Controller able to join with invalid node_name

Steps followed & Observed behaviour

  1. Mistakenly configured controller node_name with PL-3 and the remaining configuration files are properly installed and updated apart from /etc/opensaf/node_name.
  2. Bringup OpenSAF, OpneSAF still able to comeup with misconfigured node_name

Opensaf status:
fos1:/opt/goahead/tetware/opensaffire/suites/avsv/api/suites # /etc/init.d/opensafd status
safSISU=safSu=PL-3\,safSg=NoRed\,safApp=OpenSAF,safSi=NoRed1,safApp=OpenSAF
saAmfSISUHAState=ACTIVE(1)

Expected

OpenSAF should come up with only SC-1 / SC-2, as immxml generated with :
./immxml-clustersize -s 2 -p 2
./immxml-configure

Related

Tickets: #2052

Discussion

  • Mathi Naickan

    Mathi Naickan - 2016-09-20
    • summary: Controller able to join with invalid node_name --> immtools: SC/PL field in nodes.cfg is not used
    • Type: defect --> discussion
     
  • Mathi Naickan

    Mathi Naickan - 2016-09-20

    Had a discussion with ritu and Tagging this ticket as a discussion topic and assigning to immtools.
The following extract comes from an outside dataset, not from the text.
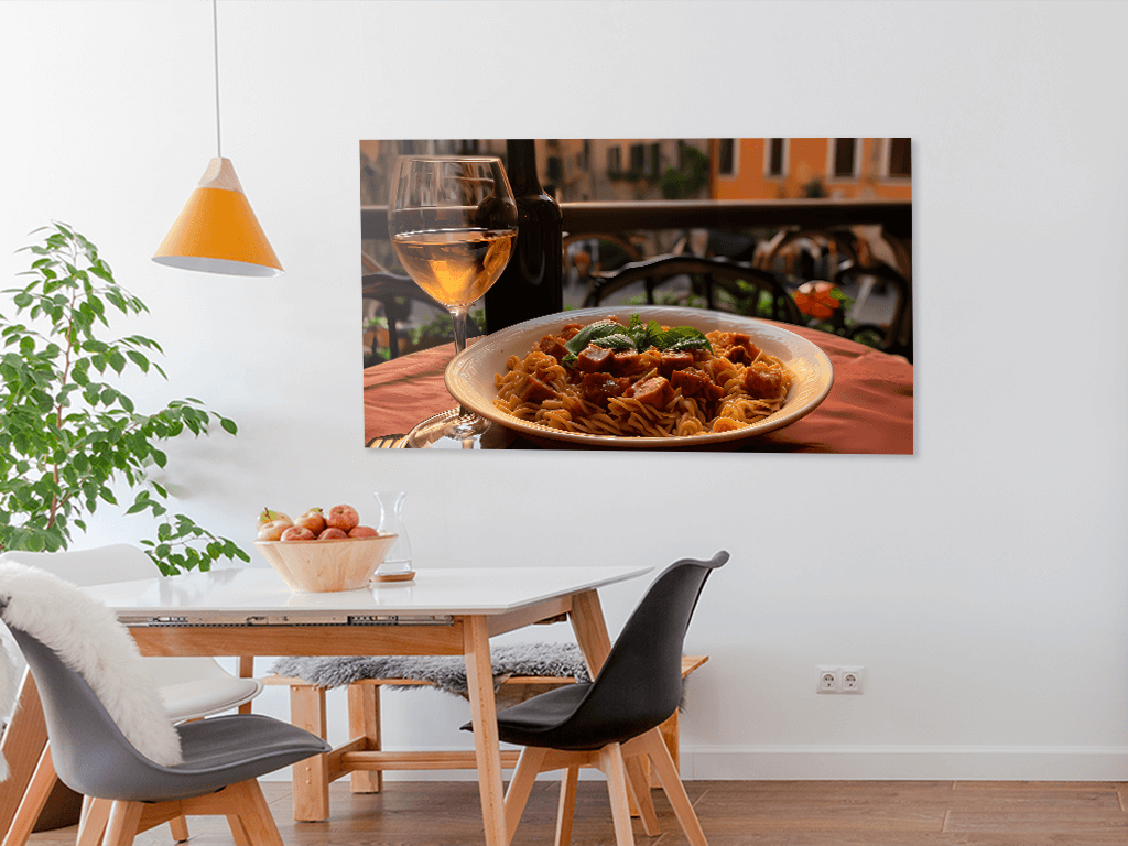 „Smak wieczoru” to subtelna i elegancka dekoracja, która wprowadza do wnętrza atmosferę spokoju i wyrafinowania. Szklany obraz ukazuje romantyczną scenę, idealną do salonu czy jadalni, gdzie doda ciepła i stylu. Grafika na szkle doskonale komponuje się w różnych przestrzeniach, a jej trwałość i odporność na wilgoć sprawiają, że będzie wyglądać świetnie także w kuchni. Szklane obrazy to doskonały wybór dla osób, które pragną wprowadzić nowoczesny akcent do swojego wnętrza.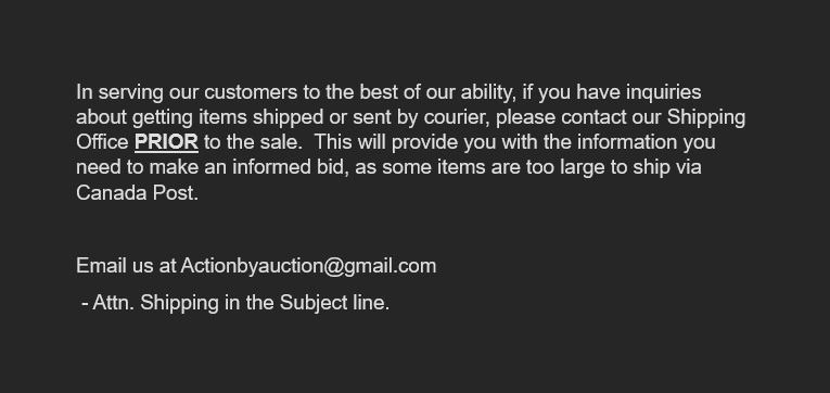 A online bidding premium may be applied to each lot purchased on the Internet. Federal GST and corresponding Provincial Sales Tax will apply to all purchases where applicable.

    The issue can be reproduced as below:
    Generate imm.xml for 4 nodes with names set to SC-1, SC-2, PL-3 ,PL-4 in the nodes.cfg

    SC SC-1 SC-1
    SC SC-2 SC-2
    PL PL-3 PL-3
    PL PL-4 PL-4

    Now, start the first node with node_name set to PL-4. OpenSAF comes up fine.

    Since the nodes.cfg is exposed to the end user, I guess Ritu is questioning the need for the first column in nodes.cfg i.e. 'differentiation based on 'SC' versus 'PL'.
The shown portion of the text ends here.